Israeli group hacks Saudi stock exchange sites

Saudi men chat outside the Saudi Stock Exchange or Tadawul in Riyadh on Dec. 5, 2009. Saudi stocks closed down one percent as investors shrugged off neighbouring Dubai's debt crisis in the first trading day on the Riyadh market in nearly two weeks. -/AFP/Getty Images

Saudi men chat outside the Saudi Stock Exchange or Tadawul in Riyadh on Dec. 5, 2009.
-/AFP/Getty Images

A group of Israeli hackers who call themselves the IDF-Team took down the websites of the Saudi Stock Exchange (Tadawul) and the Abu Dhabi Securities Exchange (ADX) on Tuesday, according to U.S. and Israeli media reports.

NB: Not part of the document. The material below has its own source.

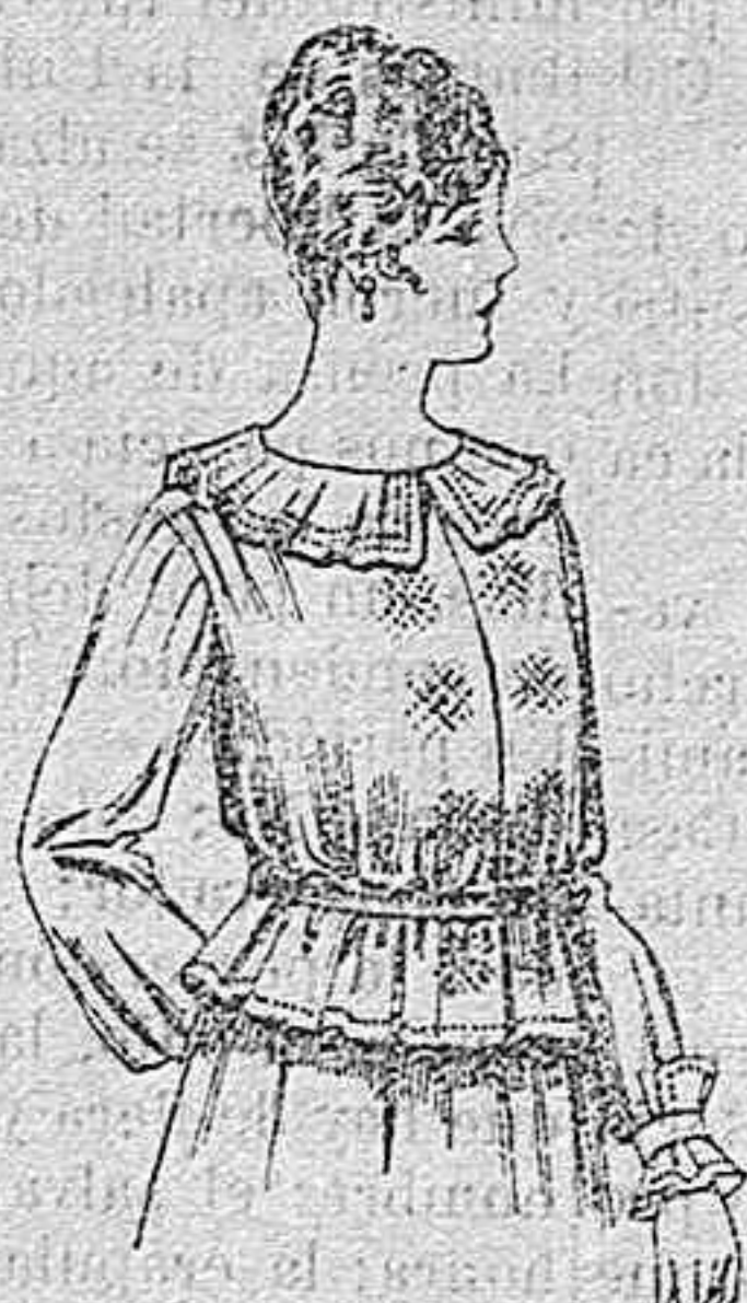
Blusa de crespón ó seda, en negro, azul y color. A ptas. 33.

According to The Atlantic, the hackers wrote on the online forum pastebin.com that the attack was in retaliation for the "lame" hacking attack on Israeli sites. Hackers had shut down the Tel Aviv Stock Exchange and El Al airlines websites on Wednesday.

"If the lame attacks from Saudi Arabia will continue, we will move to the next level which will disable these sites longer term may come to weeks or even months," they wrote. "You have been warned."

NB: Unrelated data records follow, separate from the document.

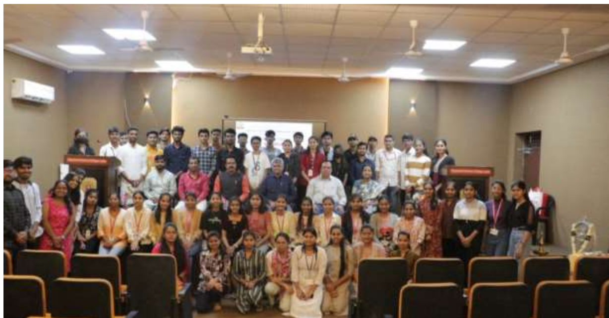
Participants of the Workshop with the dignitaries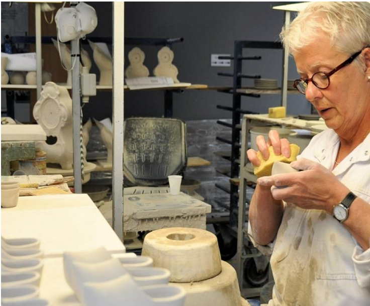
[atkelta iš 2 psl.]

automobilių vairuotojais, administratoriais, statybininkais.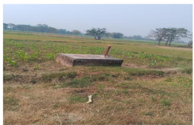
वडा नं. ९ मा अनुदानामा वितरण गरिएको पानितान्ने पम्प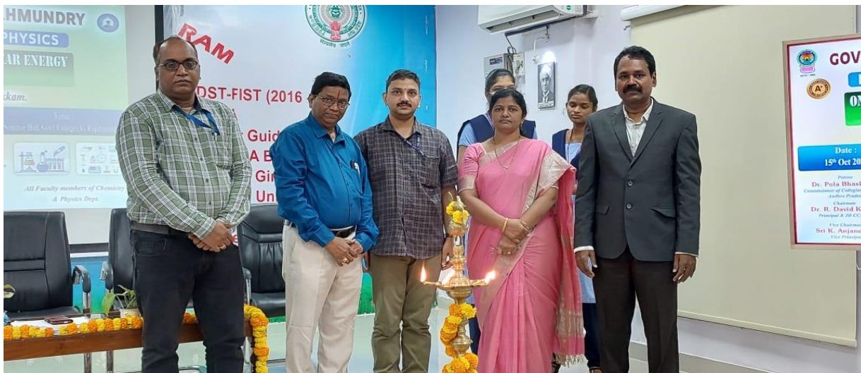
Image: Jyoti prajvalan.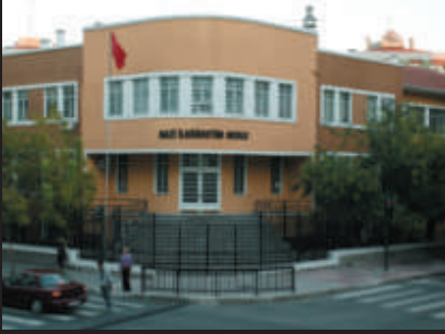
Tarihi Kamu Binalarının Yenilenmesi

Hackers hit Israeli airline, stock market sites

Both cyber attacks are part of an ongoing battle between Israeli and pro-Palestinian hackers who have been in an online war since early January.

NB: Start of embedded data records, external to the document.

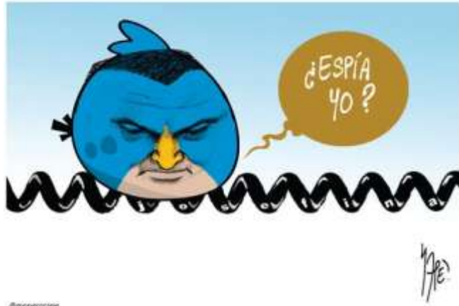
ANGRY GENARO BIRD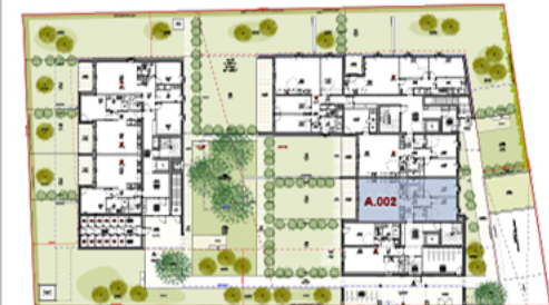
PLAN RDC - ECH : 1/750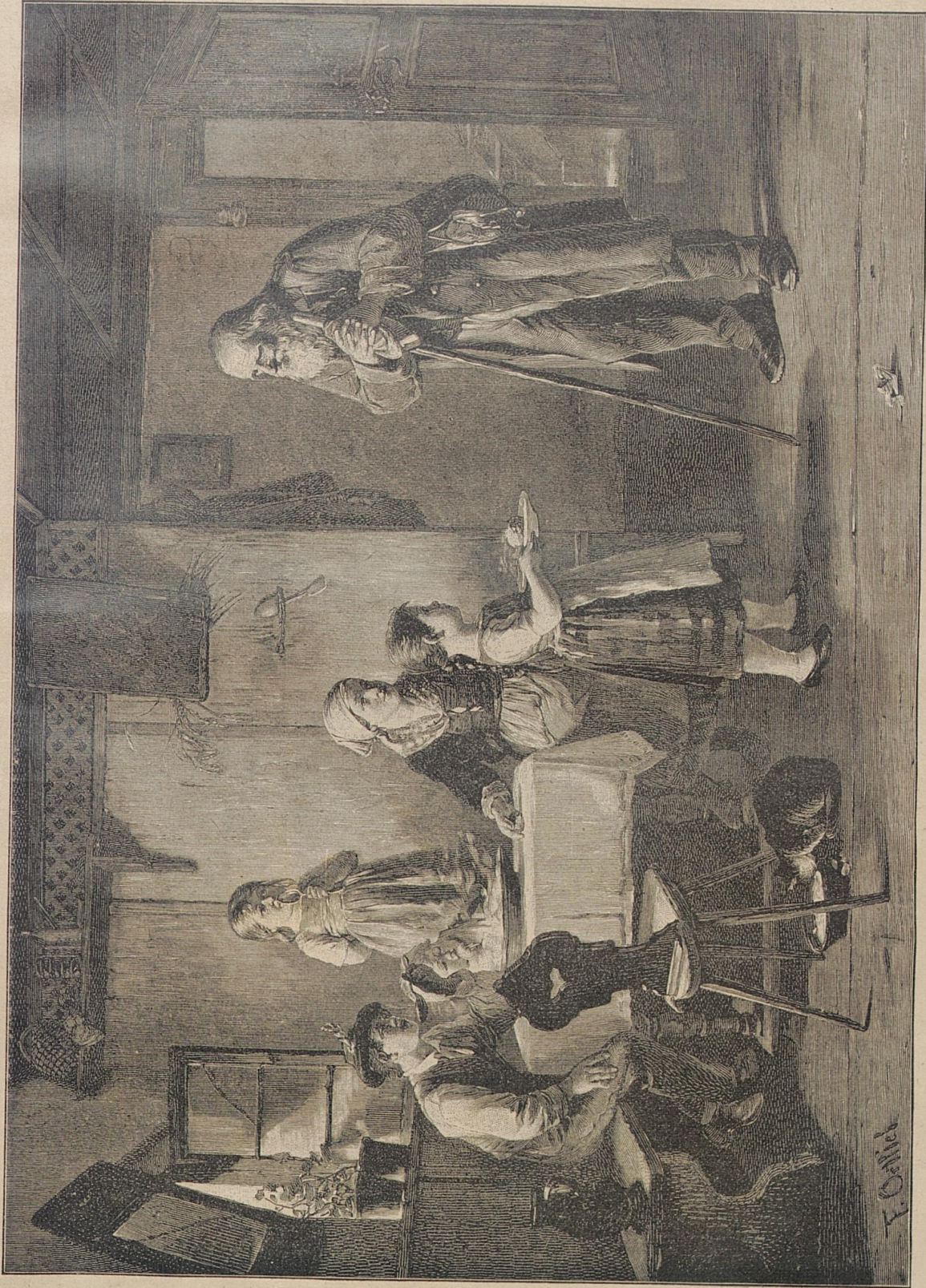
„Vergelt's Gott, Du gutes Kind!“ Nach dem Gemälde von Friedr. Ortlieb.

Group-xp, a known Saudi hacking group, released 21,000 credit card accounts online in a period of a few days, claiming on an Israeli sports site that they had access to 400,000 accounts. They claimed the personal information was a "gift to the world for the New Year" created to "hurt the Zionist pocket."

Last week, a pro-Israeli hacker calling himself Hannibal posted information online about hundreds Saudis, Egyptians, Syrians and others in response. Haaretz, an Israeli news organization, reported that 30,000 e-mail addresses and Facebook passwords were exposed.

The hacker claimed to have as many as 30 million e-mail addresses of Arabs. According to Haaretz, Hanibal wrote that if Prime Minister Benjamin Netanyahu declares a cyber war he is ready to publish 10 million bank accounts and 4 million Arab credit card numbers.